효과: 작은 ID, 카운터 등이 매우 효율적.

2.5 비교 예시

// JSON: 78 bytes
{"id":123,"name":"Alice","email":"alice@example.com"}
// Protobuf: 35 bytes (45% 작음)
0a 03 31 32 33  # field 1 (id), len 3, "123"
12 05 41 6c 69 63 65  # field 2 (name), len 5, "Alice"
1a 11 ...

큰 메시지일수록 차이가 큼 (key 반복이 없으므로).

2.6 Schema Evolution

규칙:

  • ✅ 새 필드 추가 (다른 번호로)
  • ✅ 필드 이름 변경
  • ✅ optional → required X (proto3는 모두 optional)
  • ❌ 필드 번호 변경
  • ❌ 필드 타입 변경 (호환 안 됨)
  • ❌ 필드 삭제 후 번호 재사용 (reserved 사용)
message User {
  reserved 4, 5;          // 4, 5는 사용 안 함
  reserved "old_field";    // 이름도 reserved
  
  int64 id = 1;
  string name = 2;
  string email = 3;
}

3. 4가지 통신 모델

3.1 Unary RPC (가장 일반적)

rpc GetUser(GetUserRequest) returns (User);

동작: 1 요청 → 1 응답. REST와 비슷.

# Client
response = stub.GetUser(GetUserRequest(user_id=123))
print(response.name)
# Server
def GetUser(self, request, context):
    user = db.get(request.user_id)
    return User(id=user.id, name=user.name, email=user.email)

사용: CRUD, 일반 API.

3.2 Server Streaming

rpc StreamUsers(Empty) returns (stream User);

동작: 1 요청 → N 응답.

# Client
for user in stub.StreamUsers(Empty()):
    print(user.name)
# Server
def StreamUsers(self, request, context):
    for user in db.iter_all():
        yield User(id=user.id, name=user.name)

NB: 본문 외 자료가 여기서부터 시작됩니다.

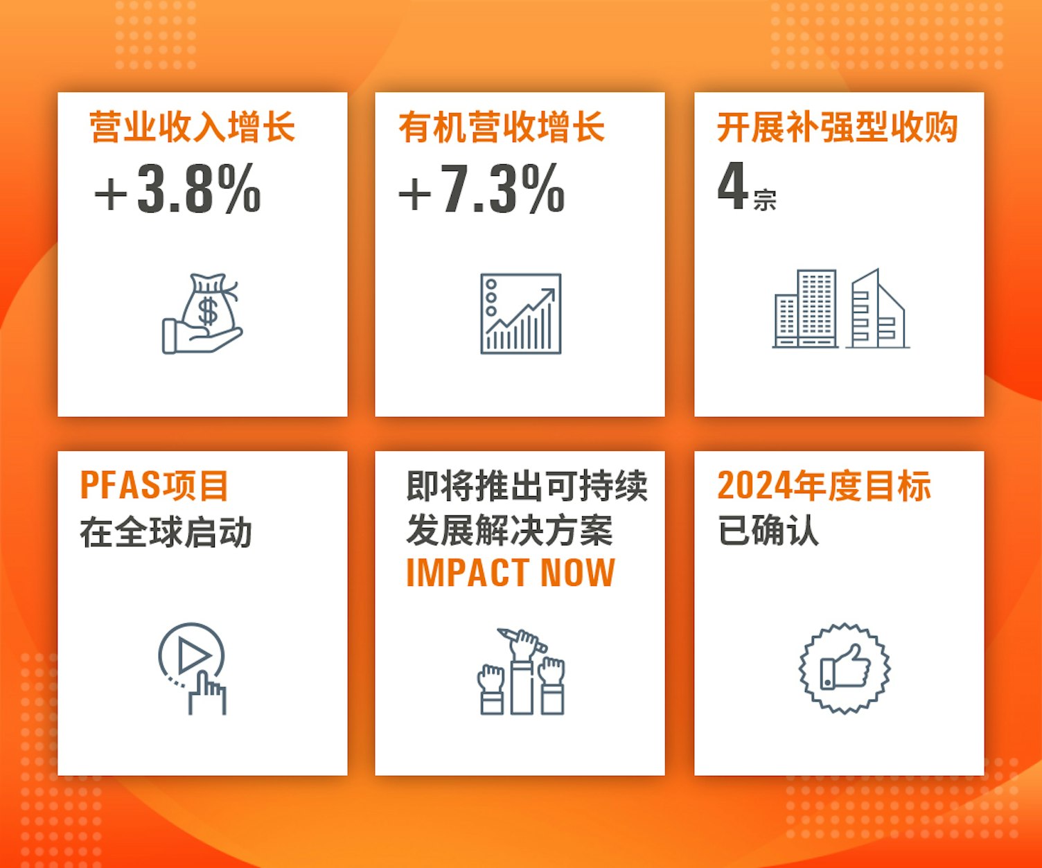 - 在ESG、社会责任审核和能源认证的带动下,可持续发展业务实现了高个位数增长

사용: 큰 결과 셋 (수천 행), 실시간 업데이트, 로그 스트리밍.

3.3 Client Streaming

rpc UploadEvents(stream Event) returns (UploadResponse);

동작: N 요청 → 1 응답.

# Client
def event_generator():
    for event in events:
        yield event

response = stub.UploadEvents(event_generator())
print(response.processed)
# Server
def UploadEvents(self, request_iterator, context):
    count = 0
    for event in request_iterator:
        process(event)
        count += 1
    return UploadResponse(processed=count)

사용: 대용량 업로드, 배치 처리.

3.4 Bidirectional Streaming

rpc Chat(stream ChatMessage) returns (stream ChatMessage);

동작: N 요청 ↔ N 응답. 양쪽이 독립적으로 메시지 보냄.

# Client
def send_messages():
    yield ChatMessage(text="Hello")
    yield ChatMessage(text="How are you?")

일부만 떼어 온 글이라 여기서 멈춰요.